> TASK TO CARRY OUT
From start to end, write out the following data exactly, apart from its images.

> MATERIAL PROVIDED

+-------+

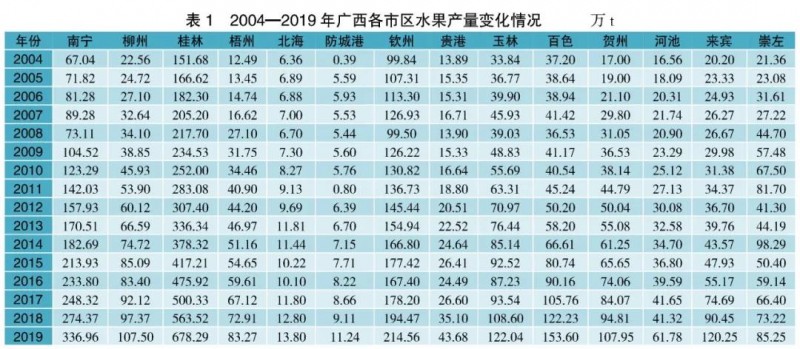 由2004—2019年廣西省各市縣新鮮水果生產(chǎn)量轉(zhuǎn)變狀況(表1)得知,廣西水果栽種生產(chǎn)制造遍布比較集中化,關鍵遍布在桂林市、南寧市、欽州市,2019年3個市新鮮水果生產(chǎn)量各自為678.29萬、336.96萬、214.56萬t,各自占我區(qū)新鮮水果總產(chǎn)值的31.69%、15.75%和10.03%,超出廣西水果總產(chǎn)值的一半。次之為百色市、欽州、賓客、廣西賀州、柳州市,5個市新鮮水果生產(chǎn)量之和占我區(qū)新鮮水果總產(chǎn)值的28.57%。蔬菜種植遍布較少的為北海市、廣西防城港市,2019年新鮮水果生產(chǎn)量各自為13.80萬、11.24萬t。
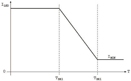 如图2使用LM3424所示,集成电路将在到达某温度时返送LED电流,此时,LED电流为零。这与LED作为系统中主要热发生器的情况不同。对于大灯组件等应用,设计师可能想要设置一项安全功能,即使LED可能在超出安全工作区的条件下工作,也始终能够提供光输出。对于此类情况,LED电流与温度曲线将如图4中示例所示。虽然LM3424没有这项内置功能,但这可以使用外部箝位电路轻松实现,并且防止TSENSE针脚上的电压低于预规定值。
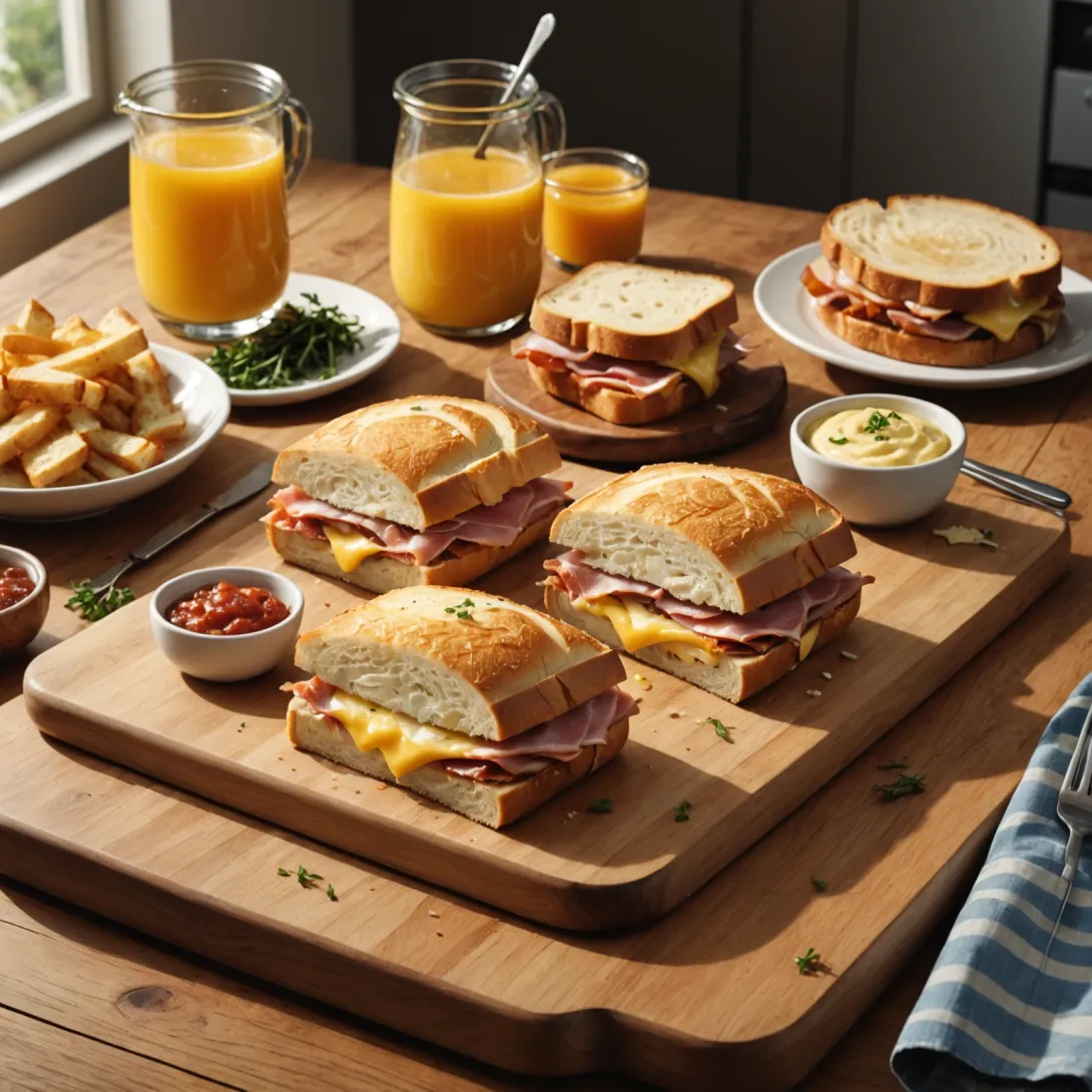 - Крок-месье — классический французский горячий бутерброд с ветчиной и сыром.

+-------+

> SOLUTION
 由2004—2019年廣西省各市縣新鮮水果生產(chǎn)量轉(zhuǎn)變狀況(表1)得知,廣西水果栽種生產(chǎn)制造遍布比較集中化,關鍵遍布在桂林市、南寧市、欽州市,2019年3個市新鮮水果生產(chǎn)量各自為678.29萬、336.96萬、214.56萬t,各自占我區(qū)新鮮水果總產(chǎn)值的31.69%、15.75%和10.03%,超出廣西水果總產(chǎn)值的一半。次之為百色市、欽州、賓客、廣西賀州、柳州市,5個市新鮮水果生產(chǎn)量之和占我區(qū)新鮮水果總產(chǎn)值的28.57%。蔬菜種植遍布較少的為北海市、廣西防城港市,2019年新鮮水果生產(chǎn)量各自為13.80萬、11.24萬t。
 如图2使用LM3424所示,集成电路将在到达某温度时返送LED电流,此时,LED电流为零。这与LED作为系统中主要热发生器的情况不同。对于大灯组件等应用,设计师可能想要设置一项安全功能,即使LED可能在超出安全工作区的条件下工作,也始终能够提供光输出。对于此类情况,LED电流与温度曲线将如图4中示例所示。虽然LM3424没有这项内置功能,但这可以使用外部箝位电路轻松实现,并且防止TSENSE针脚上的电压低于预规定值。
 - Крок-месье — классический французский горячий бутерброд с ветчиной и сыром.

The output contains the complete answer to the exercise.